» Work to be completed:
Please output exactly the lines below, starting at the line that has "Impression sur acrylique" and ending at the line that has "新浪財經訊 11月9日消息,A股上演終極", both included; leave out all pictures and include nothing else.

[Start of Attachment]

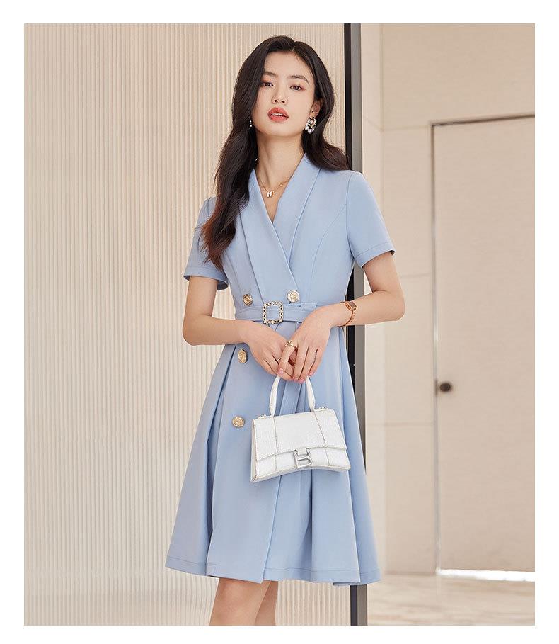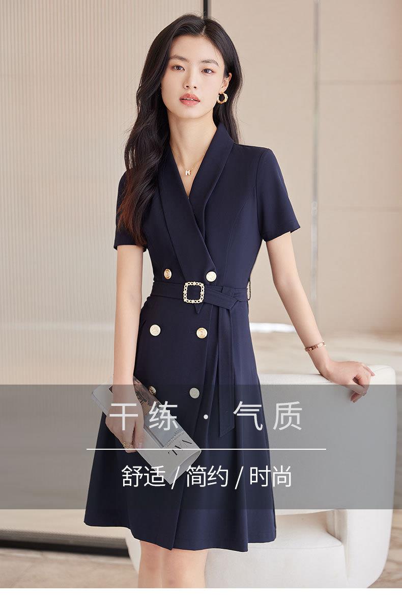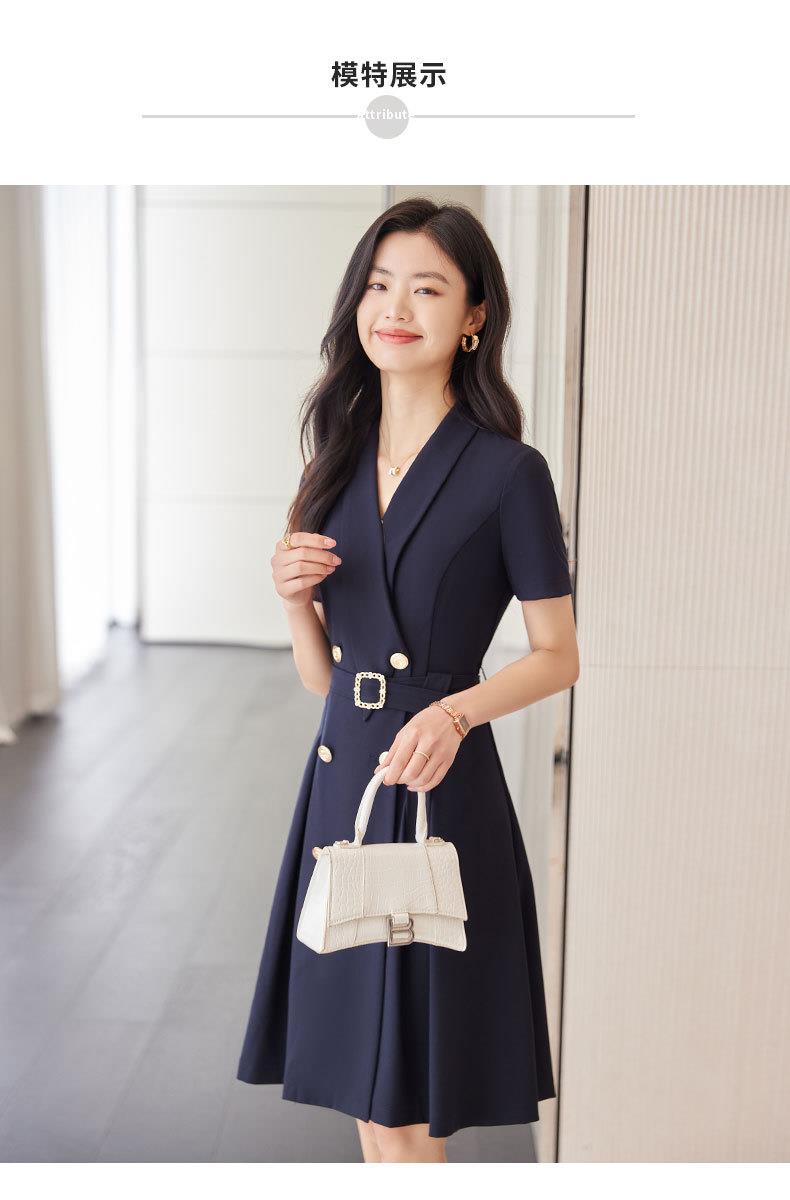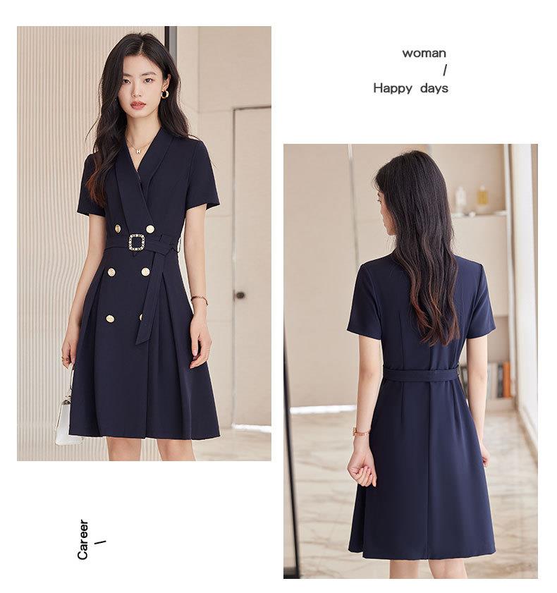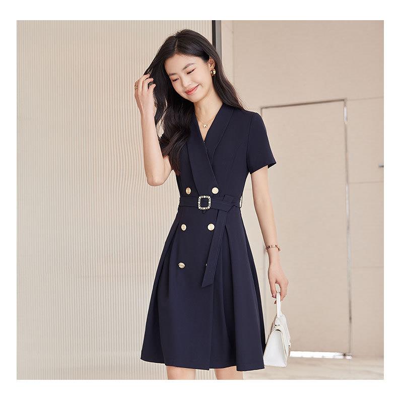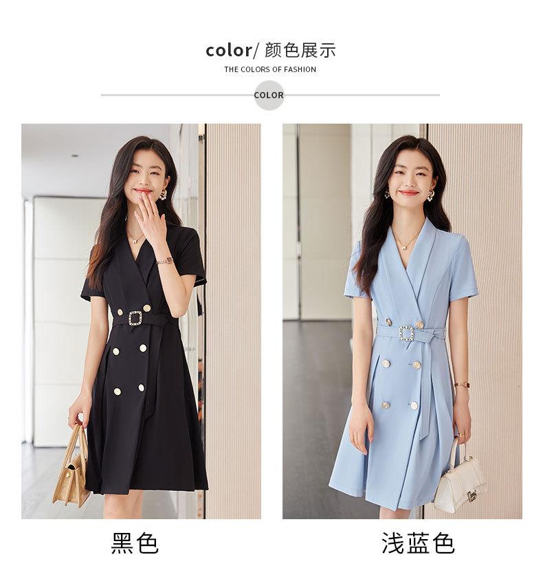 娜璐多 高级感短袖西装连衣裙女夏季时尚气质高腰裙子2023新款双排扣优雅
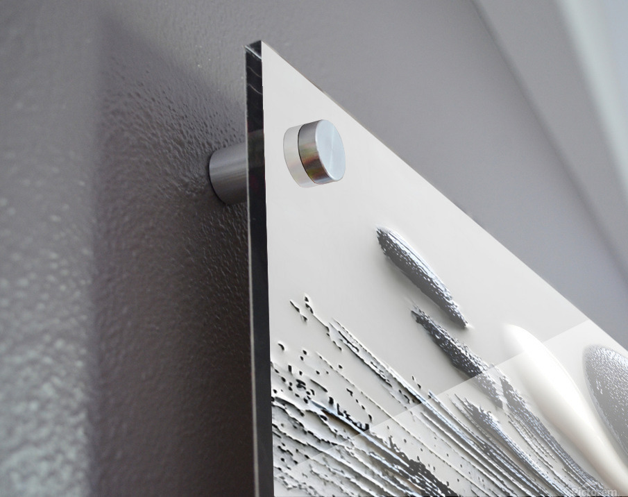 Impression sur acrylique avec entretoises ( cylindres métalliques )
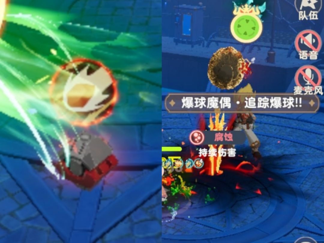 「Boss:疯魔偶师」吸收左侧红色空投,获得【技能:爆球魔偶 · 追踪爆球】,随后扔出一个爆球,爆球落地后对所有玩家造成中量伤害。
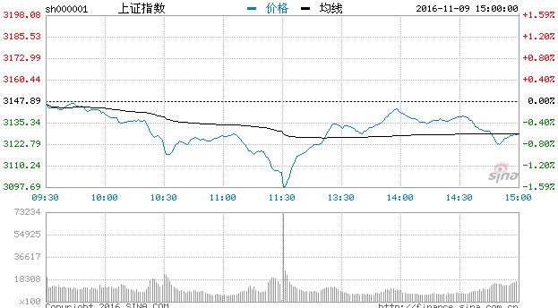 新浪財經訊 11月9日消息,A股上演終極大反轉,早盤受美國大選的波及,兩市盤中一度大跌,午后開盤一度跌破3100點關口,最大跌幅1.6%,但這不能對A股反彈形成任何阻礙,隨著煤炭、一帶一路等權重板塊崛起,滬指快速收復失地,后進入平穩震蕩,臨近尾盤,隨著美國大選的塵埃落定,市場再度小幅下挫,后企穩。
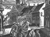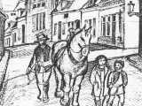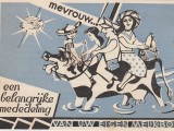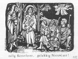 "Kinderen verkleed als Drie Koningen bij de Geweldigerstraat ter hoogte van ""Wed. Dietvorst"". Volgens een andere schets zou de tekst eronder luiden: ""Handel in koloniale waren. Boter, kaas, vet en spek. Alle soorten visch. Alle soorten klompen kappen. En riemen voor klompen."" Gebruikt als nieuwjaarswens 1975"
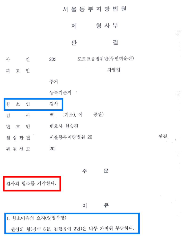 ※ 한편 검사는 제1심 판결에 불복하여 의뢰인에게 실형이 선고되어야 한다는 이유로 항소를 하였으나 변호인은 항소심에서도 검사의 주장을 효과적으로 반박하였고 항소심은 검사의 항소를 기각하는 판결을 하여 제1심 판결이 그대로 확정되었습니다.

[End of Attachment]

» Output of the exercise:
 Impression sur acrylique avec entretoises ( cylindres métalliques )
 「Boss:疯魔偶师」吸收左侧红色空投,获得【技能:爆球魔偶 · 追踪爆球】,随后扔出一个爆球,爆球落地后对所有玩家造成中量伤害。
 新浪財經訊 11月9日消息,A股上演終極大反轉,早盤受美國大選的波及,兩市盤中一度大跌,午后開盤一度跌破3100點關口,最大跌幅1.6%,但這不能對A股反彈形成任何阻礙,隨著煤炭、一帶一路等權重板塊崛起,滬指快速收復失地,后進入平穩震蕩,臨近尾盤,隨著美國大選的塵埃落定,市場再度小幅下挫,后企穩。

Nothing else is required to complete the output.